In spite of the dire predictions, I'm not really worried. I think people won't use the output from an image generator, if it looks too fake. The majority of content we see will probably either be real images or within the first couple generations. Plus, if an image looks too fake to us, then you ought to be able to train a model to detect such images and reject them from training sets.
 
This may be an issue for LLM, but it's definitely a problem for generative imaging. Luckily, there's an invisible watermark embedded in output images that can be used to cull future training sets.

That said, the real issue is they just didn't spend the time validate the data that was being fed back in to the training. There are often small imperfections in outputs and if those are added to the data set and retrained they become more prominent in the next batch. Rinse and repeat and the dataset is ruined.

In practice, I do the exact opposite of what these researched did. If my dataset contains an underrepresented detail that I want in the set, then I use prompts to generate images that bring that detail out. Then I inspect those outputs for flaws and/or crop out flaws, and feed those extra images back in to the next training round.
 
There is a growing pool of AI applications that can fix flaws and remove unwanted details in a more or less automated fashion. If those were added to the work flow, it would slow or eliminate the problem in this article.
 
You always have such interesting contributions (in multiple articles); thank you for devoting your time to commenting and adding to the community.
You're too kind, but thank you!
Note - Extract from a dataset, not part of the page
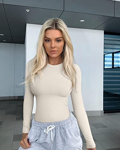 OQQ Womens 3 Piece Long Sleeve Tops Crew Neck Stretch Fitted Underscrubs Layer Tee Shirts 2025 Casual Outfits 4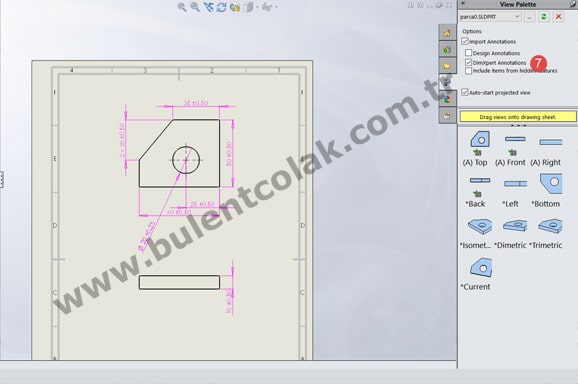7. Gerekli ayarlamalarımızı yaptıktan sonra, 1.metod da uyguladığımız gibi tasarımımızı teknik resim şablonumuza aktarıyoruz. ve “Dimexpert Annotations” seçeneğini işaretliyoruz.

I'd recommend taking my comments with a grain of salt.

Also, thank you for bringing us so many interesting and informative articles! The effort you put into you work really shows.

I'm aware that the main focus isn't on LLMs; the reason I spun the article more towards that is that they're simply the most recognizable AI systems for the average user (more people have used ChatGPT than Midjourney), and it serves as a way to both increase interest and increase the impact on how relevant this "MADness" is. I'd hope I straddled the line between the focus and spin in an acceptable way.
I was not so much concerned about this article, but more as a forward-looking suggestion.

In this AI revolution, I believe the more people there are with a richer and more accurate understanding of the technology, the better the chances are that we can navigate it successfully. I'm not very optimistic, but we won't succeed if we don't try.

To that end, have you guys consider putting together some AI explainers, to help level-up the readership's understanding of how these technologies work, what are their most interesting capabilities, and how they've truly advanced beyond anything that came before?